§ WORK TO COMPLETE
All of the records that follow need to be copied word for word, without the pictures.
[[ DATA SUPPLIED open ]]
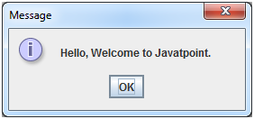 JOptionPane.showMessageDialog(f,"Hello, Welcome to Javatpoint.");
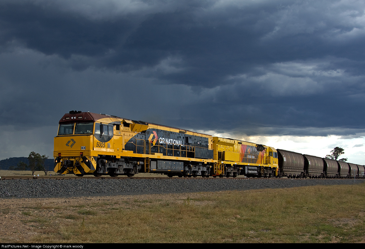5005 a C40ACi wearing the old QR National livery with new logo 's leads 5021 a C44ACHi wearing the new livery east bound with a loaded coal train past Wilpingjong loop as the storm clouds start dropping rain over Wilpingjong Coal's mine.
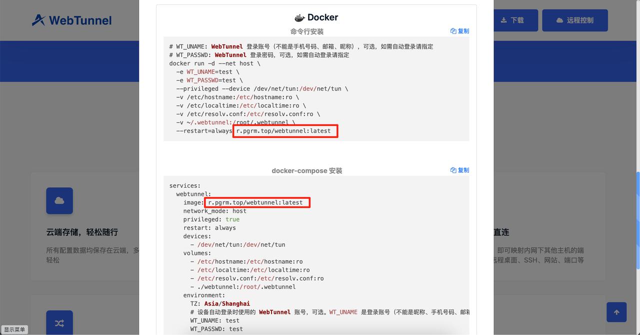 Docker 内网穿透客户端使用体验改进了,使用轻松多了: 1、统一镜像,支持多架构,无再区分 x64、arm64 2、改进了 docker run 及 compose 脚本的安装方式,容器同步宿主机的时间、dns、主机名 3、修复了容器停止卡死,然后提示异常退出的问题 4、WebTunnel 客户端使用宿主机的主机名作为终端名称,避免升级后提示主机变更和离线的问题 5、修复了路径不存在时报错的问题 6、减小了镜像尺寸,拉取更轻松 官网已更新:
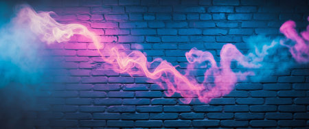 AI Generated. Brick wall illuminated by blue and pink neon lights with smoke
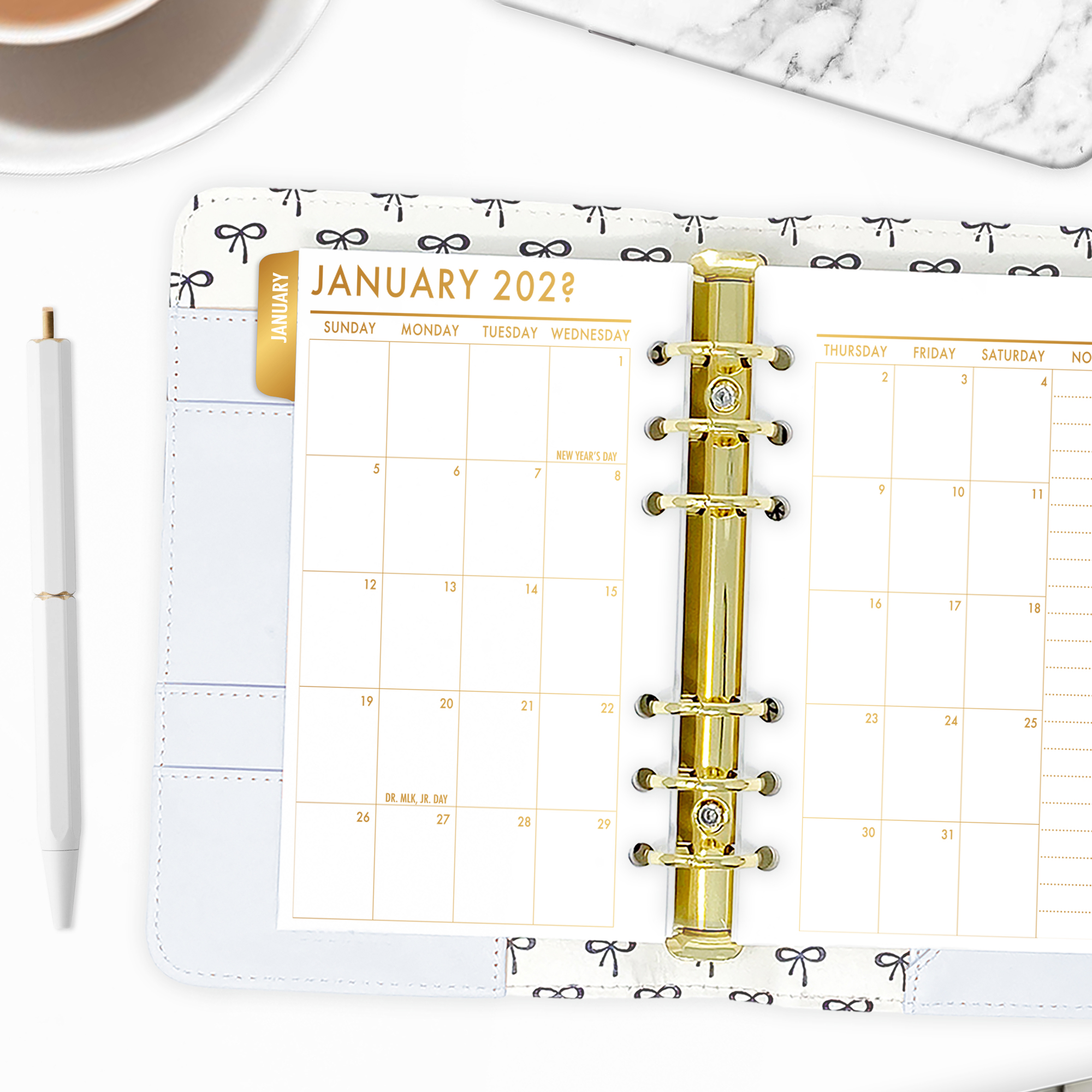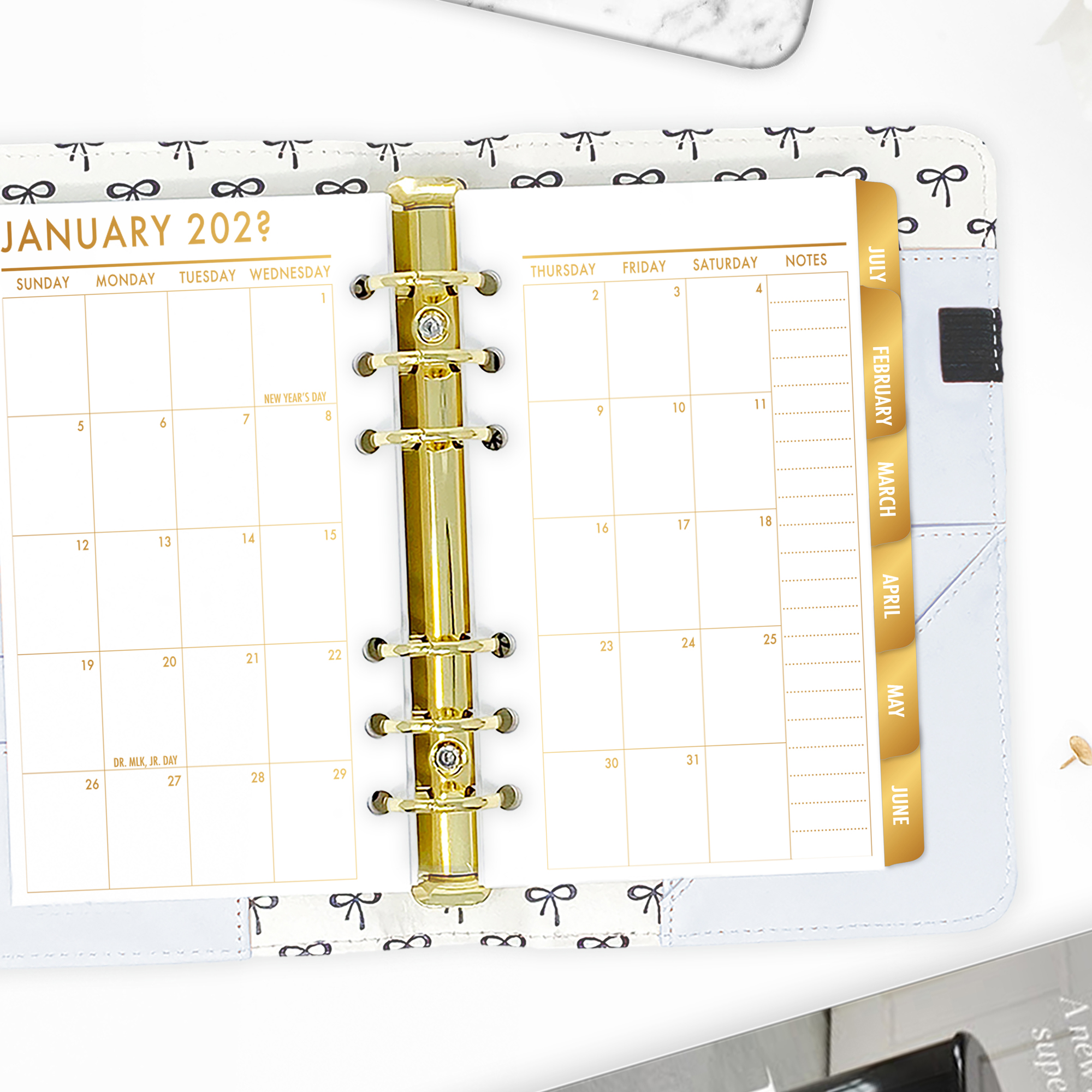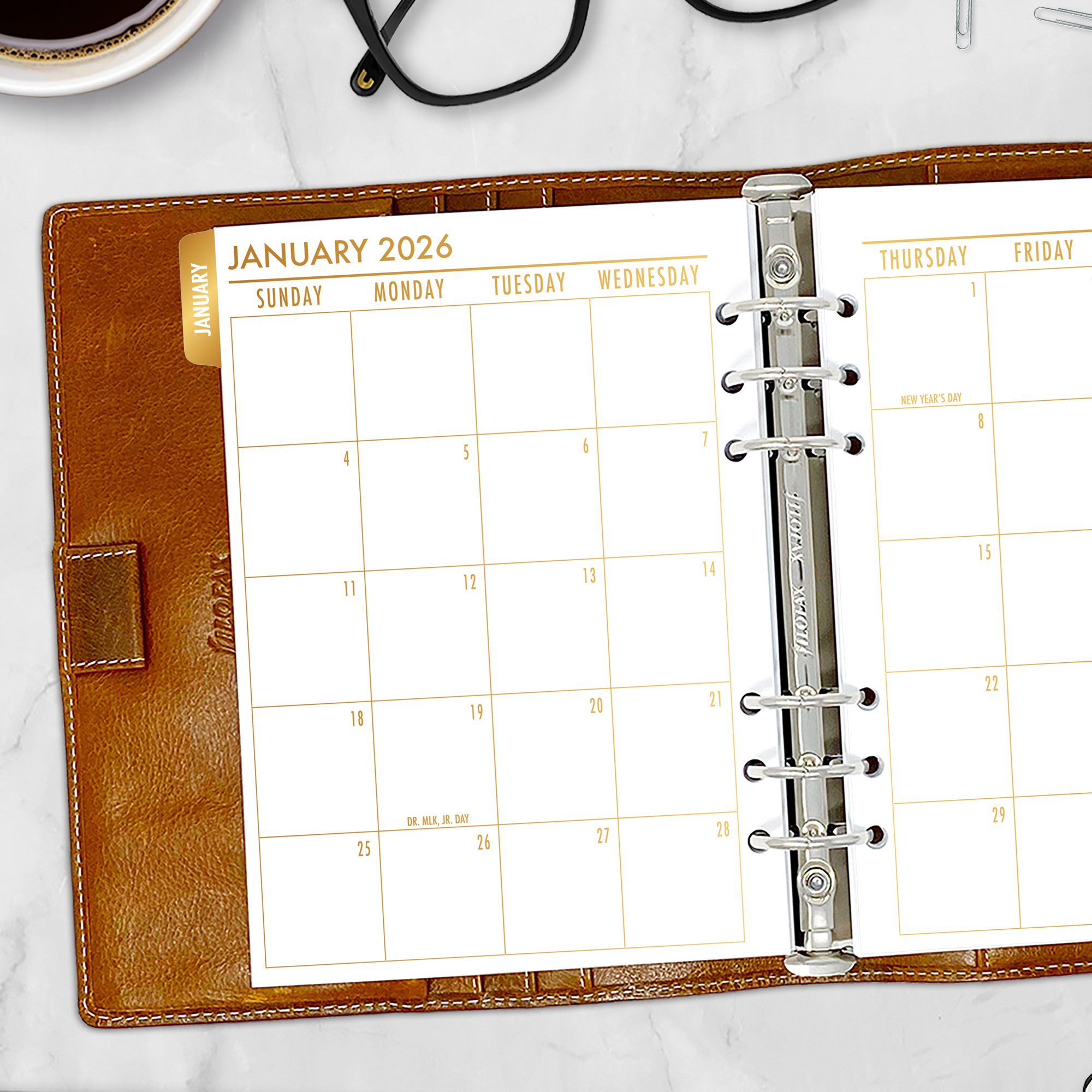 Month on 2 Pages Tabbed Planner Insert – Gold Luxe Gradient
[[ DATA SUPPLIED closed ]]
§ WRITTEN RESPONSE
 JOptionPane.showMessageDialog(f,"Hello, Welcome to Javatpoint.");
5005 a C40ACi wearing the old QR National livery with new logo 's leads 5021 a C44ACHi wearing the new livery east bound with a loaded coal train past Wilpingjong loop as the storm clouds start dropping rain over Wilpingjong Coal's mine.
 Docker 内网穿透客户端使用体验改进了,使用轻松多了: 1、统一镜像,支持多架构,无再区分 x64、arm64 2、改进了 docker run 及 compose 脚本的安装方式,容器同步宿主机的时间、dns、主机名 3、修复了容器停止卡死,然后提示异常退出的问题 4、WebTunnel 客户端使用宿主机的主机名作为终端名称,避免升级后提示主机变更和离线的问题 5、修复了路径不存在时报错的问题 6、减小了镜像尺寸,拉取更轻松 官网已更新:
 AI Generated. Brick wall illuminated by blue and pink neon lights with smoke
 Month on 2 Pages Tabbed Planner Insert – Gold Luxe Gradient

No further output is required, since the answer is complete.